Rifco Inc. (Re), 2020 ABQB 366

The Court delved into extent of Purchaser’s reliance on ‘Material Adverse Effect’ clause in the agreement to terminate the same in wake of COVID-19 pandemic.

On February 2, 2020 Rico Inc, ACC Holding Inc. and Cancap Management in which Cancap is a party to a parent company ACC entered into an Arrangement Agreement wherein ACC reportedly agreed to purchase outstanding shares of Rifco, a public company. This arrangement agreement contained all details ranging from plan of arrangement to other minor details. However, on March 27, 2020 ACC came forward to terminate the contract by invoking Clause 8.2 of the Arrangement Agreement which provided that if after the date of agreement but before its effective date a material adverse effect occurs, due to such exceptional circumstances, the contract will stand discharged. The reason stated by ACC was unanticipated occurrence of COVID-19 and rising prices of oil and among other things qualifying as required ‘Material Adverse Effect’.

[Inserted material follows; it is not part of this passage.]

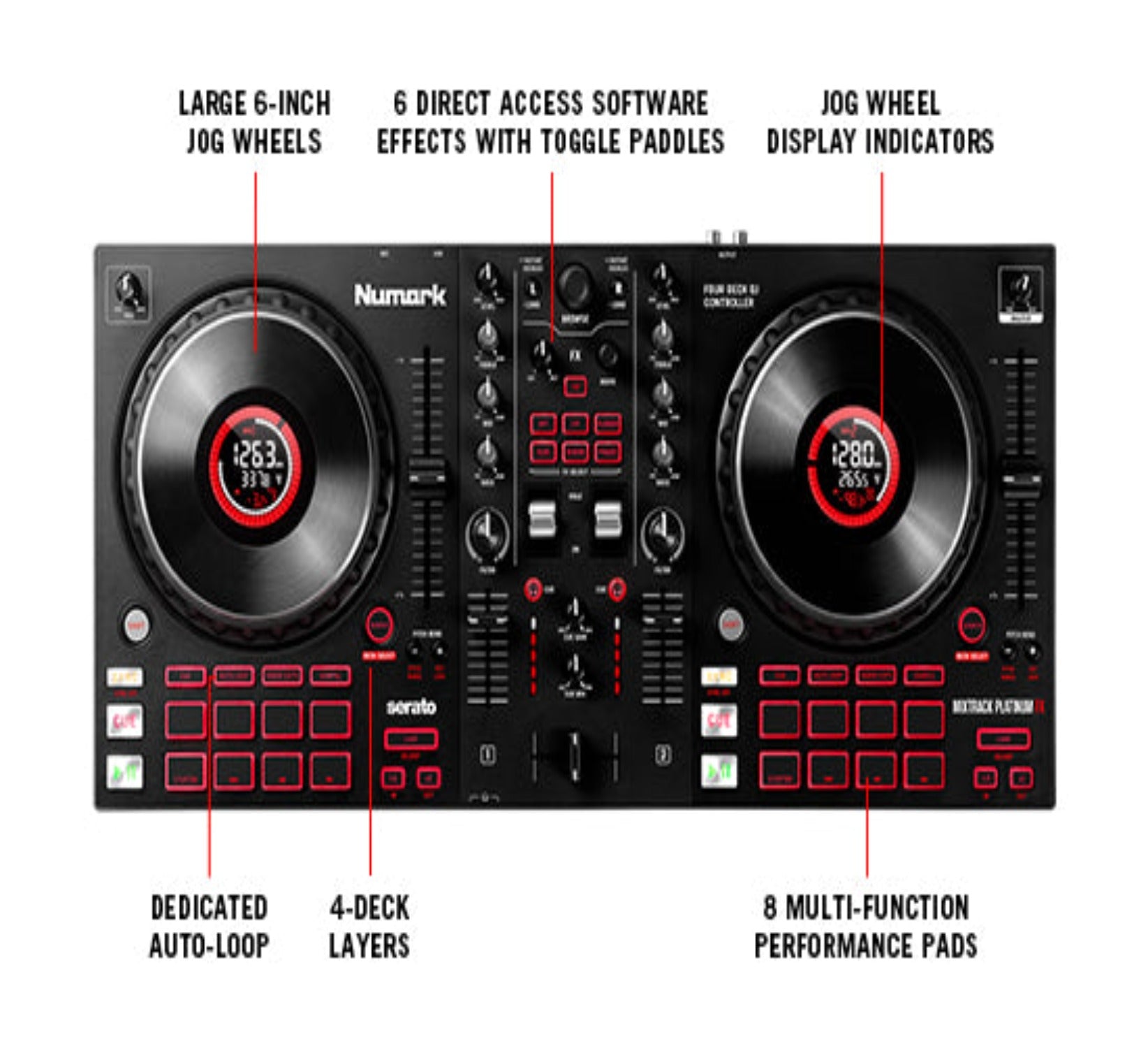 The Mixtrack Platinum FX has all the essentials you need to sound like a professional DJ! At its core, Mixtrack Platinum FX is a 24-bit 4-deck digital DJ controller with a dedicated software effects section, large 6-inch capacitive-touch jog wheels with built in hi-res displays and 16-multifunctional performance pads. Ready to take on any DJ style and perfect for small events, parties and developing your DJ skills, Mixtrack Platinum FX fuses in-demand functionality with all the tools to craft your signature style – your entry-point into a world of unrestricted DJ performance starts here!

Since it was a plan of arrangement, the contract required approval of both the Court and shareholders and prior to notice of termination from ACC, Rifco shareholders had already voted overwhelmingly in approval of the said arrangement. Thereafter, Rifco sought to go ahead to obtain final order from court for the approval of the plan and a declaratory relief that the termination of the arrangement by ACC was unlawful and hence had no effect in the eyes of law.

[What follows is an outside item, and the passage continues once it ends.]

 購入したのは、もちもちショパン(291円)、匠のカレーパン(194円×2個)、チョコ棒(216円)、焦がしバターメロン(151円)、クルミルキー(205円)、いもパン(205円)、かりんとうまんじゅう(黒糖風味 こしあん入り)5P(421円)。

Amongst other arguments from both the parties, ACC contended their termination of agreement being valid as it was before pre-requisite of approvals both from the shareholders and the Court was fulfilled and that advent of COVID-19 qualifies as Material Adverse effect.

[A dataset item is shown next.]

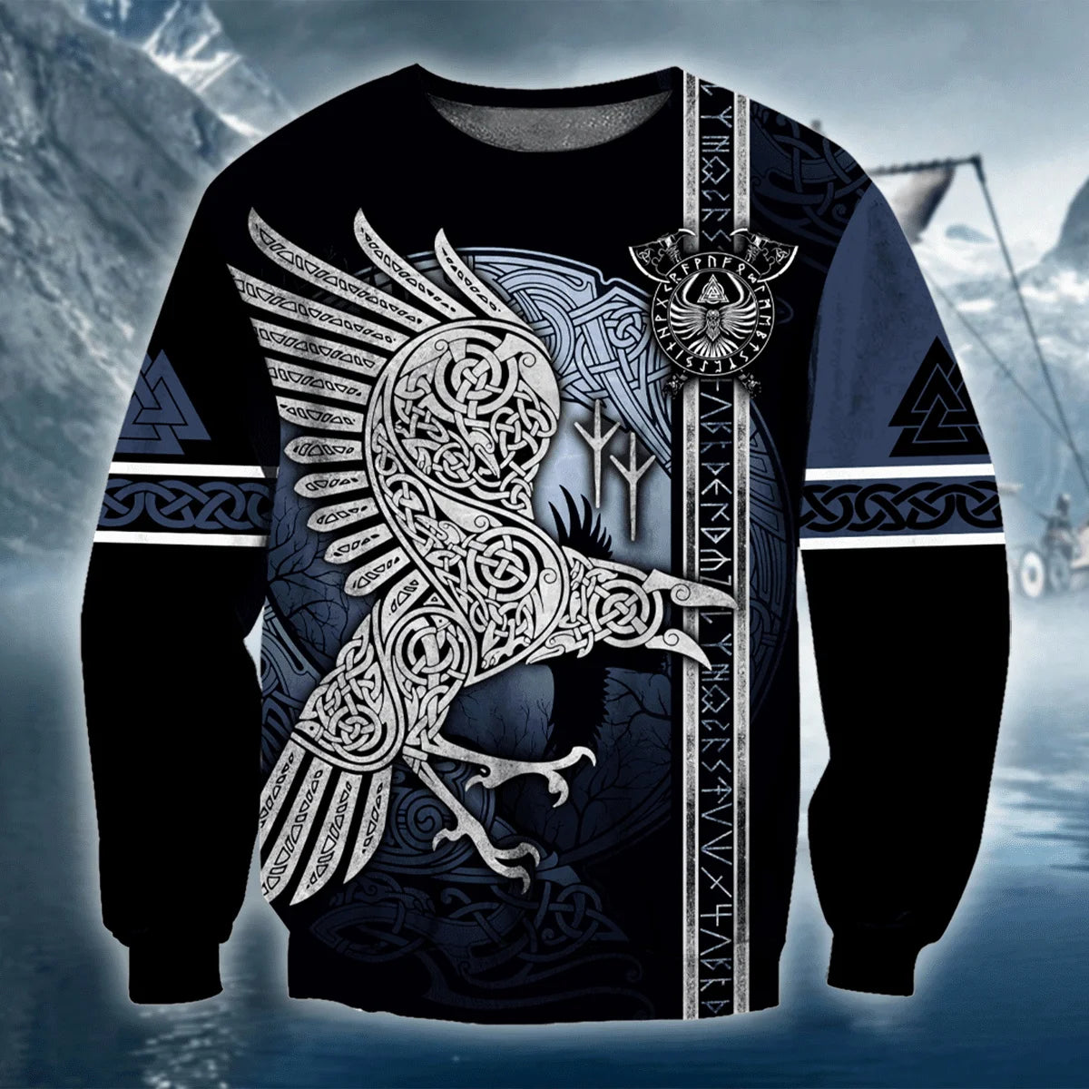 Wear the power of Odin wherever you go — get your 3D printed raven tattoo hoodie today!

On the other hand, Rifco claimed that court has jurisdiction for declaratory relief as sought under section 193 of Alberta Business Corporations Act and section 11 of the Judicature Act, RSA 2000 with the support of precedent in Weir jones technological incorporated v. Purolator Courier ltd, 2017 ABCA 49.

The court noted that the ACC bore the burden to establish existence of circumstances entitling them to invoke material adverse effect clause but the evidences presented by them don’t sufficiently support their contention as COVID-19 or its aftermath don’t even seem to be material in given facts. Hence, there is no special exclusion for pandemic or disease and all the statements alleged by ACC stand out of the purview of the Material Adverse Effect. However, the Court observed that it could not decide the issue of validity of termination. In addition, highlighting the flexibility provided by Rules 3.12 and 3.14 it also declined to make any procedural direction in the light of ongoing COVID-19 restrictions on the court functioning and ended up suggesting the parties to proceed to a case conference instead.